Ze-Yang/Context-Transformer

Issue about "trainval_1shot.txt"

whsun21 opened this issue · 2 comments

Your work is excellent, but I'm confused with the contents of "trainval_1shot.txt" when I reproducing "Phase 2, Transfer Setting, To finetune on VOC dataset (1 shot)".

In your paper, it is said that "The few-shot training set consists of N images (per category)", so in the above settings, if I understand correctly, the contents of "trainval_1shot.txt" should have 20 categories of boxes in total and have 1 image per category.

However, as shown below, if I didn't count wrongly, there are only 11 categories of boxes in total, and some categories have more than 1 image, which is not consistent with the above and confused me a lot.

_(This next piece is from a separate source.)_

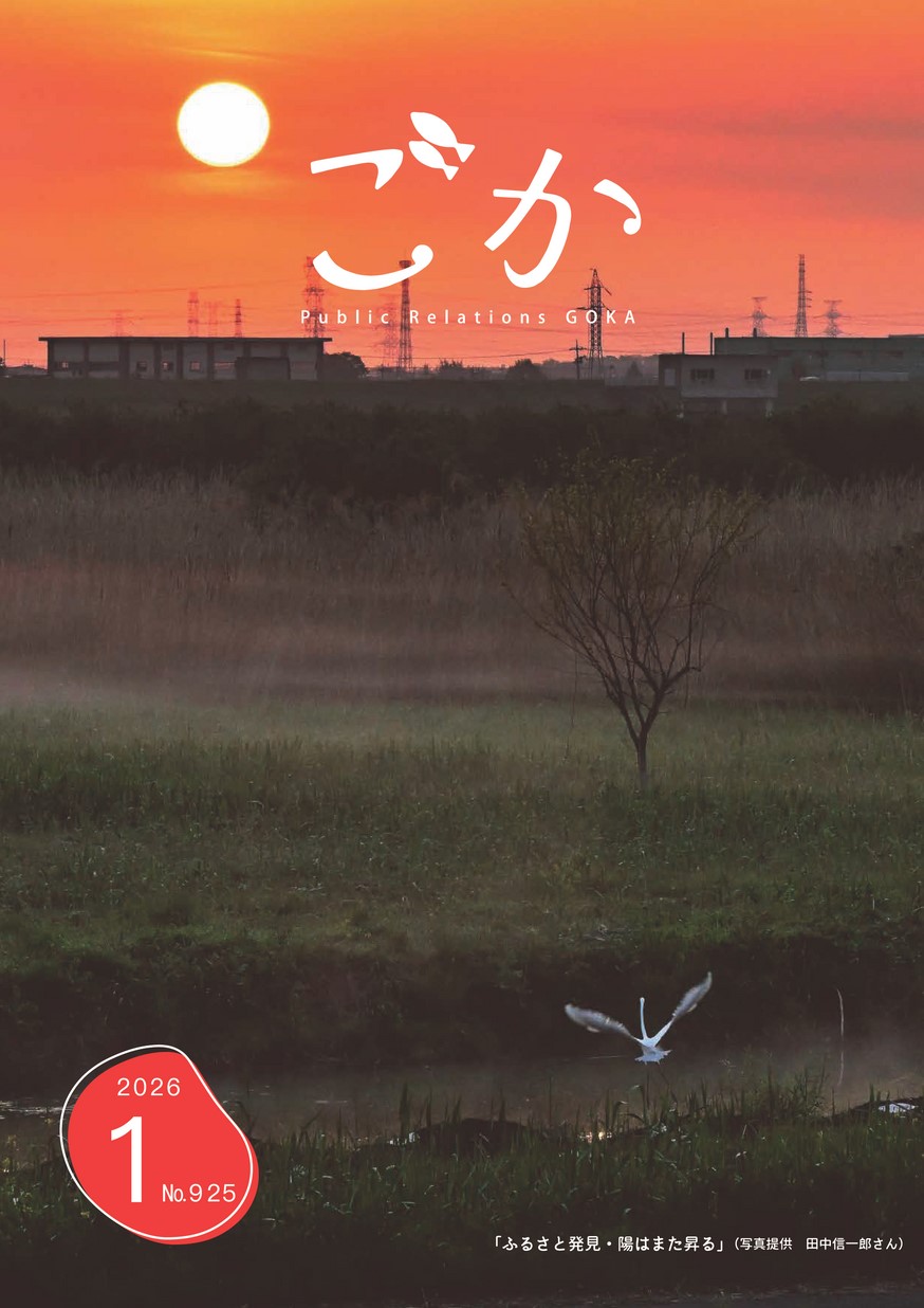 表紙 「ふるさと発見・陽はまた昇る」 ・年頭のごあいさつ ・広報ごか リニューアル! ・第31回 五霞町青少年の主張大会

I’d be grateful if you could explain the processes of creating all the "trainval_1shot.txt, trainval_2shot.txt, trainval_3shot.txt, ..." files. Thanks a lot!

trainval_1shot.txt
Image_index|box category|# of boxes|
007654 aero 1
003137 bus 1
008442 cat 1
003452 dinnertable 1 chair 6
004141 cow 2 person 1
000249 chair 7 dinnertable 1
005018 dog 2
006177 motorbike 1 person 1 cow 2
004424 person 5
006351 person 1 pottedplant 2
006803 train 1 person 2

Total:
box category|# of images|
aero 1|bus 1|cat 1|dinnertable 2|chair 2|cow 2|person 4|dog 1|motorbike 1|pottedplant 1|train 1

Hi SUN Wenhao, our transfer setting follows the image-shot setup in LSTD task2, except that we use VOC07+12 for the second stage finetuning. As a result, you need to combine the trainval_nshot.txt files in VOC07+12 to form the final few-shot dataset for finetuning, which may explain why you only observe 11 categories (maybe only the part in VOC2007).

Besides, an image may contain several boxes belonging to different categories, however it is counted only according to one of its box categories, leaving remaining boxes uncounted yet used. This explains why some categories own number of boxes greater than N-shot. I think it is a characteristic of image-shot setting. You may also refer to issue #3. Hope that it clarifies your confusion. Thanks.

Thank you for your prompt reply, I did miss the part in VOC2012. Your detailed explanation helped me a lot, thank you very much!